Exercise:
Return, with both end lines included, exactly what the data below holds from the line with "KOMPAS.com - Berikut" through the line with "Третий кусок клетчатого", though not the pictures.
=== Available records ===
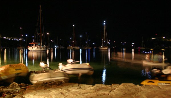 de fondeo en una bahía de menos de una milla por media milla, bajamos a tierra con el gomone para pasear y cenar algo. A la vuelta el viento, que ordena los fondeos, ha parado y cada barco mira donde quiere según el capricho de una extraña corriente que por aquí circula, curiosamente nadie se toca, nos vamos a la cama después de comprobar que las dos botellas están en su sitio y de que ningún cabo toca el agua….
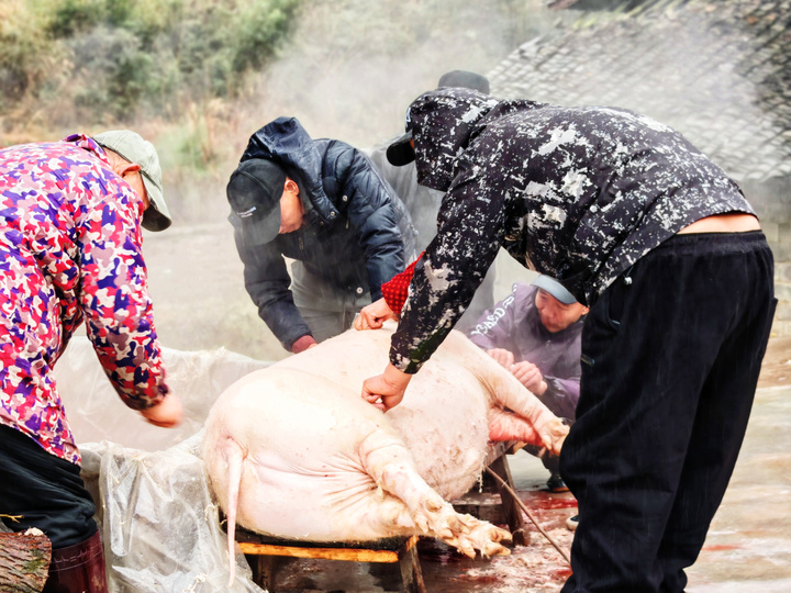村民对刚宰杀的猪进行刮洗。吴俊飞摄
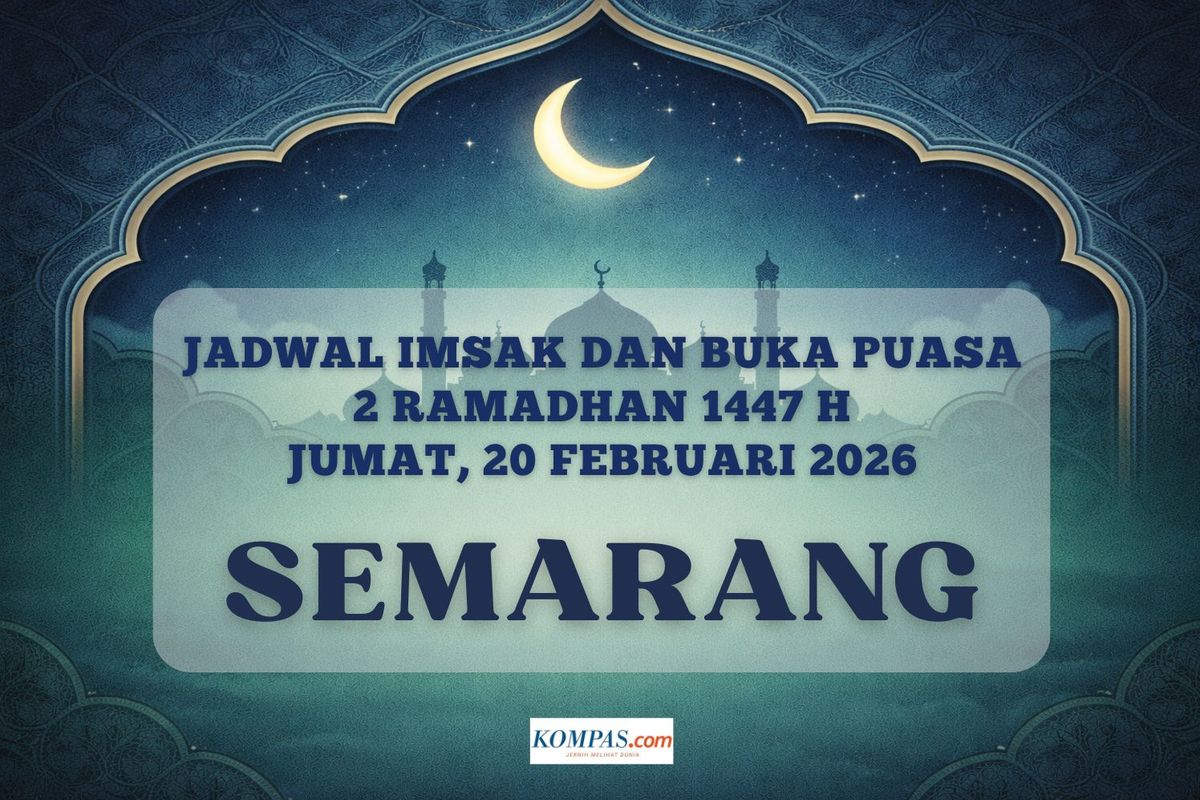 KOMPAS.com - Berikut jadwal imsak dan buka puasa Ramadhan 2026 di Kota Semarang hari ini, 20 Februari 2026 atau 2 Ramadhan 1447 H.
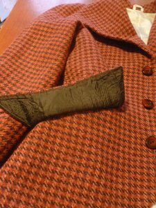 Третий кусок клетчатого слона. Пальто готово. На себе покажу, когда выздоровеет муж. Он мой фотограф и модель для парных фото. Надеюсь, обычная простуда скоро пройдёт. Результат не идеальный, но покажу, как я до него дошла. Пришила свой лейбл и вешалку, сплетенную из косых беек. Притачала подкладку к подбортам, а внизу пришила руками. Мне так легче. Сделала планку переда. Внизу промахнулась и отрезала скос не в ту сторону. Приколола и настрочила планку на полочку. Пришила верхние половинки кнопок, прикрепила к ним нижние половинки и, измазав их мелом, приложила к другому борту. Нижние половинки кнопок пришила на отпечатавшиеся кружки. Вот и всё.11 баллов -
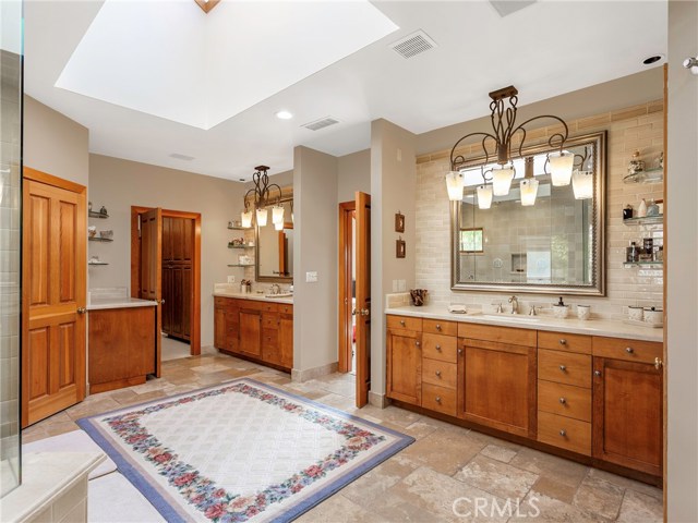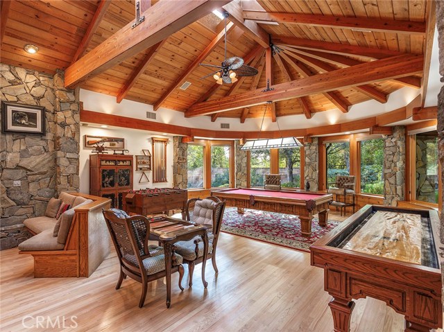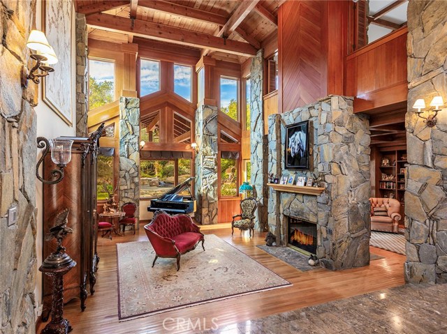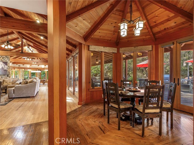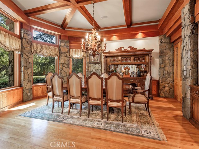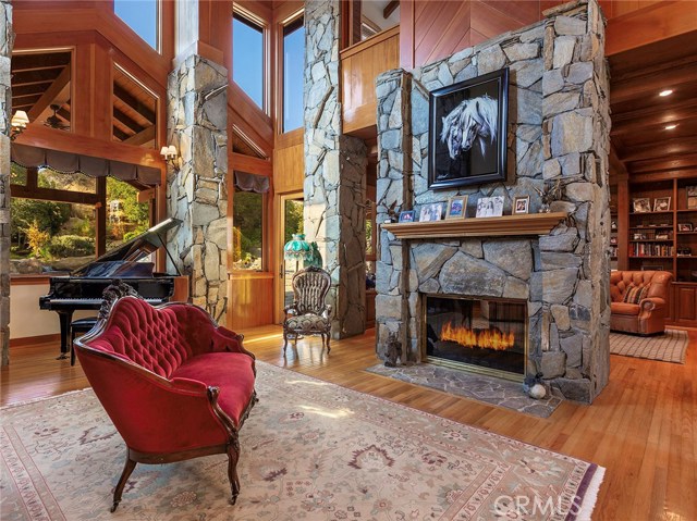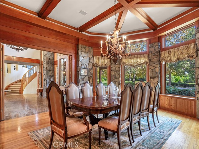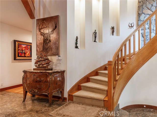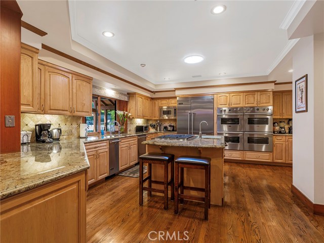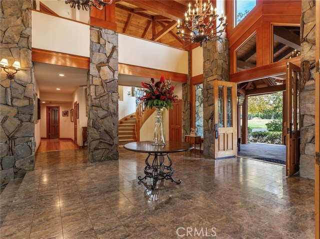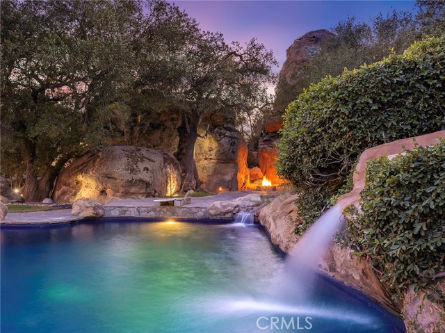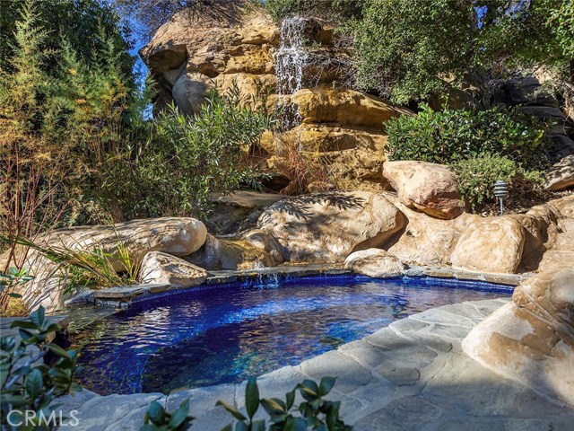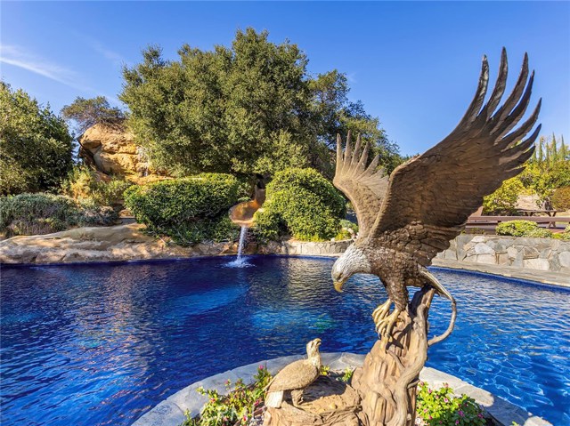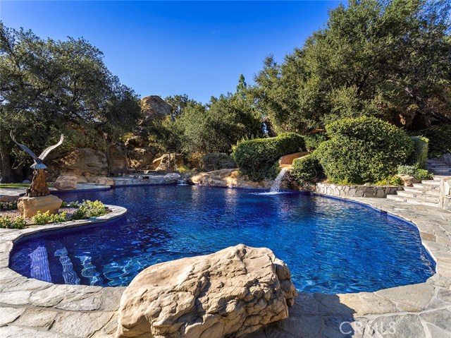 Vacation living all year round. Quiet and private. Set behind private gates & down a long driveway sits this amazing, 6 bed, 6 ½ bath, almost 8,500 square foot estate. Grand architecture with craftsman details. Enormous Great Room/Game Room featuring a wet-bar, built in entertainment center & double-sided stone fireplace with inglenook seating. The remodeled kitchen has granite counter tops, large center island, high-end stainless steel appliances, butler s pantry & large walk-in pantry. There is also a large wine cellar. The Owner's suite encompasses the entire upstairs & incl. built-in dual desks, stone fireplace, dual closets, large balcony & exquisite bath with dual vanities, jetted tub & steam shower. No luxury has been overlooked. The additional 5 bedrooms are on the main level & in each you will find a walk-in closet &en-suite bath. Garage parking for 8 cars plus additional RV and motorcycle parking. The approx. 2 ½ acre lot incl. a lighted N/S Tennis Court w/ covered viewing pavilion, fire pit, pitch & putt golf course,Dual BBQ Center & a truly breathtaking fully-tiled pool & spa crowned with a waterfall that cascades from natural rock formations. Truly a resort, no detail was overlooked, no amenity is lacking, and this estate is exceptional in every way. Coveted 24-hour guard gated neighborhood is convenient to 118-fwy, dining, and entertainment.Interested in this Listing?
===
Task output:
 KOMPAS.com - Berikut jadwal imsak dan buka puasa Ramadhan 2026 di Kota Semarang hari ini, 20 Februari 2026 atau 2 Ramadhan 1447 H.
 Третий кусок клетчатого слона. Пальто готово. На себе покажу, когда выздоровеет муж. Он мой фотограф и модель для парных фото. Надеюсь, обычная простуда скоро пройдёт. Результат не идеальный, но покажу, как я до него дошла. Пришила свой лейбл и вешалку, сплетенную из косых беек. Притачала подкладку к подбортам, а внизу пришила руками. Мне так легче. Сделала планку переда. Внизу промахнулась и отрезала скос не в ту сторону. Приколола и настрочила планку на полочку. Пришила верхние половинки кнопок, прикрепила к ним нижние половинки и, измазав их мелом, приложила к другому борту. Нижние половинки кнопок пришила на отпечатавшиеся кружки. Вот и всё.11 баллов -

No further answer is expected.